RECORDS PROVIDED:

::::::

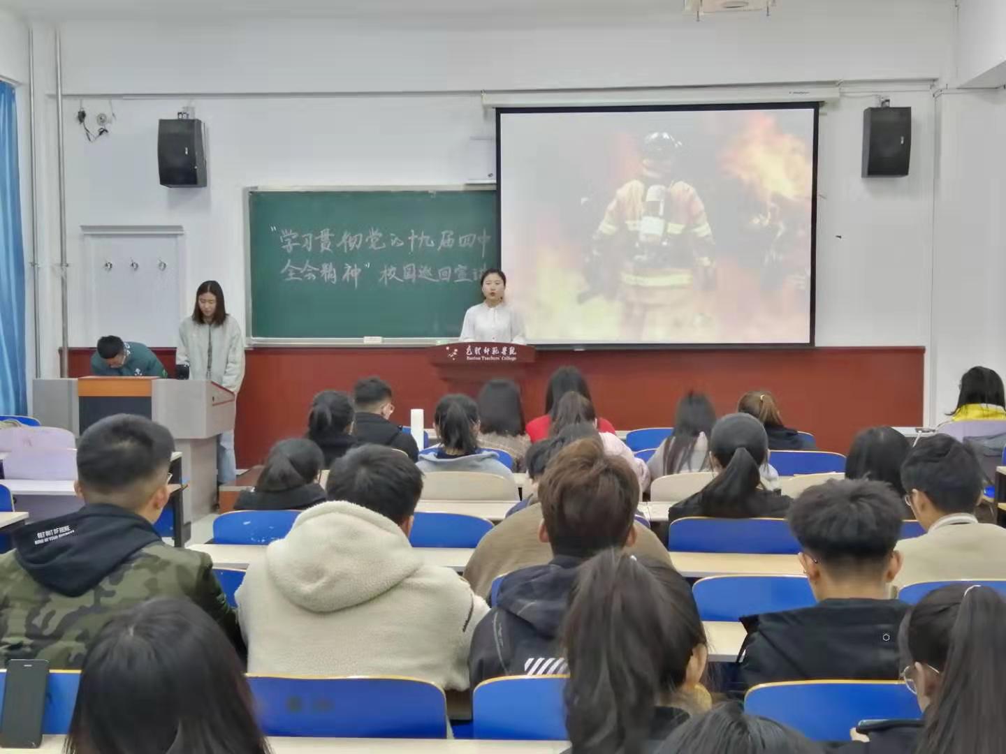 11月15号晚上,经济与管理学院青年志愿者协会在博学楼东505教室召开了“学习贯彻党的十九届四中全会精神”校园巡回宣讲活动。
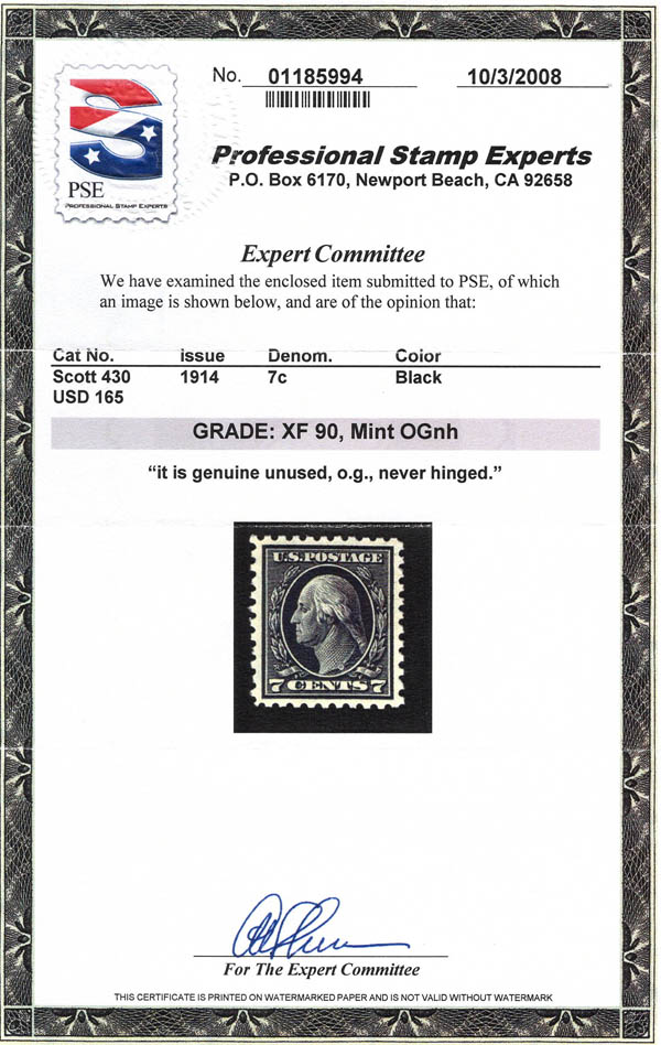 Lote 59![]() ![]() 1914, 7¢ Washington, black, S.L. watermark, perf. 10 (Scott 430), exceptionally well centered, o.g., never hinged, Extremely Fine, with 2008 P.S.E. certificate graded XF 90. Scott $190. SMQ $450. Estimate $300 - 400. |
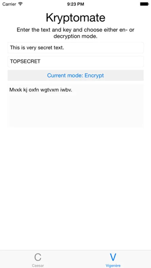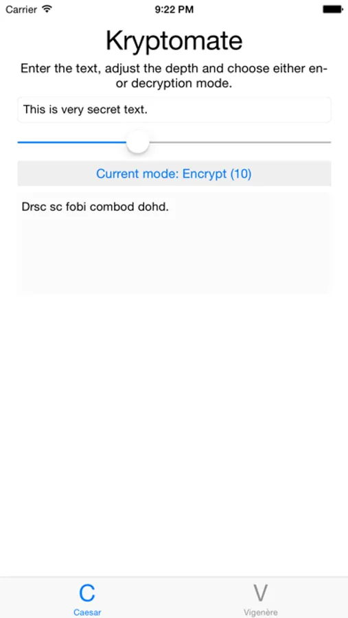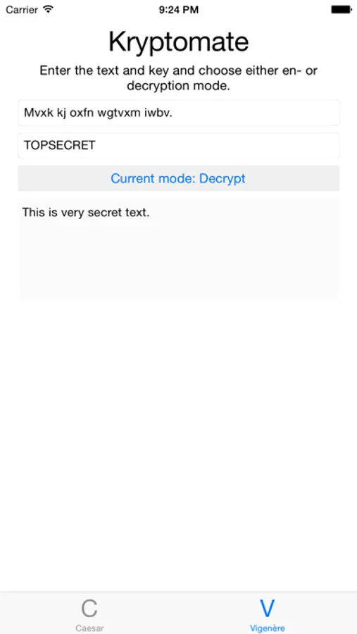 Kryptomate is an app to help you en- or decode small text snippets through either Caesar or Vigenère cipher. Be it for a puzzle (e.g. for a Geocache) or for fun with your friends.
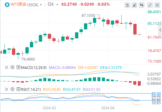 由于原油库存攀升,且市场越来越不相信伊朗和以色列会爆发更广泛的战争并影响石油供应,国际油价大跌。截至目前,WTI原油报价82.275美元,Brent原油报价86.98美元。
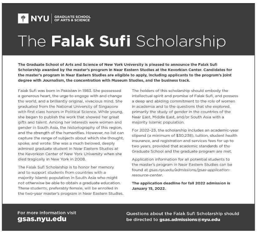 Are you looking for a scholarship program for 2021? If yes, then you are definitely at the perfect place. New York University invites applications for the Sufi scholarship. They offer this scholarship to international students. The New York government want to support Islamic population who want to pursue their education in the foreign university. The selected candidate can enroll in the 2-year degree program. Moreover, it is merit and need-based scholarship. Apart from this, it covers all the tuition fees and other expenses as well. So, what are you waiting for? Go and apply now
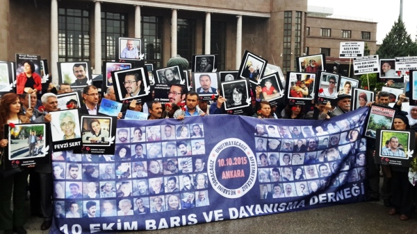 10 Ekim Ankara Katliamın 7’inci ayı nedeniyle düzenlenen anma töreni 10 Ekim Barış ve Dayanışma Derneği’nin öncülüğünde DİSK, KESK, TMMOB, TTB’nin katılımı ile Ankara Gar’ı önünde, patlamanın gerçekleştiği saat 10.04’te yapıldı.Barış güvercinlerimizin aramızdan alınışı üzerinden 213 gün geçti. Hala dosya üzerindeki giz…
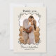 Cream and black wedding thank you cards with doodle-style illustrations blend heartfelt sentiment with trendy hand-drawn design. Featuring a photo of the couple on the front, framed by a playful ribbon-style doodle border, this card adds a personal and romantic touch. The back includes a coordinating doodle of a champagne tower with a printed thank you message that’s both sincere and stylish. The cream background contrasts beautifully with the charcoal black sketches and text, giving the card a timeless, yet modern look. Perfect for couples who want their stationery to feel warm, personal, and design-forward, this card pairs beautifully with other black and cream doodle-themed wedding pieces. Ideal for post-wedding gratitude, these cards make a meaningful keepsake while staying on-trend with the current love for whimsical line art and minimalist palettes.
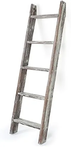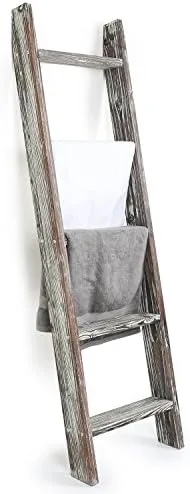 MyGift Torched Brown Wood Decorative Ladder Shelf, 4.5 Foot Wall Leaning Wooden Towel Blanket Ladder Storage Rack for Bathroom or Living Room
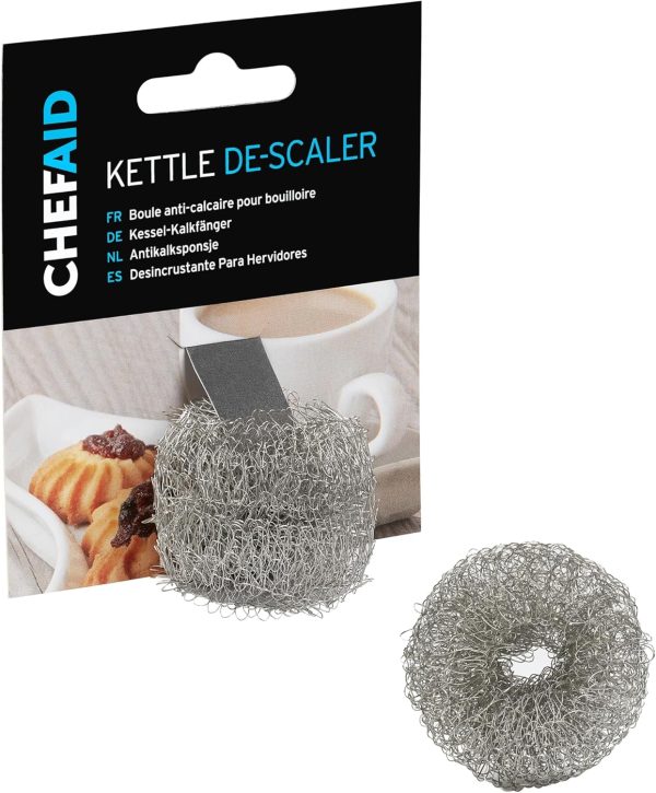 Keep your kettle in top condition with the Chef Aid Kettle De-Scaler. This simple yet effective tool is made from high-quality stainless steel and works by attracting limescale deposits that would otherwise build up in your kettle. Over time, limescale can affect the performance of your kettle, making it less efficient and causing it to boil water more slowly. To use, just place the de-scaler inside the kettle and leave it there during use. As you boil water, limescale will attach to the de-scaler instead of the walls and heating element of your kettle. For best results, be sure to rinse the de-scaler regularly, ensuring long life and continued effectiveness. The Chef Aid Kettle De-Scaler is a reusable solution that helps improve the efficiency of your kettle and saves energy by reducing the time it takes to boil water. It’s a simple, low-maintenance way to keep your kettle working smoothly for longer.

::::::

Set down, exactly as written above, each line from the one with "Cream and black" through the one with "MyGift Torched Brown", and skip the pictures.

 Cream and black wedding thank you cards with doodle-style illustrations blend heartfelt sentiment with trendy hand-drawn design. Featuring a photo of the couple on the front, framed by a playful ribbon-style doodle border, this card adds a personal and romantic touch. The back includes a coordinating doodle of a champagne tower with a printed thank you message that’s both sincere and stylish. The cream background contrasts beautifully with the charcoal black sketches and text, giving the card a timeless, yet modern look. Perfect for couples who want their stationery to feel warm, personal, and design-forward, this card pairs beautifully with other black and cream doodle-themed wedding pieces. Ideal for post-wedding gratitude, these cards make a meaningful keepsake while staying on-trend with the current love for whimsical line art and minimalist palettes.
 MyGift Torched Brown Wood Decorative Ladder Shelf, 4.5 Foot Wall Leaning Wooden Towel Blanket Ladder Storage Rack for Bathroom or Living Room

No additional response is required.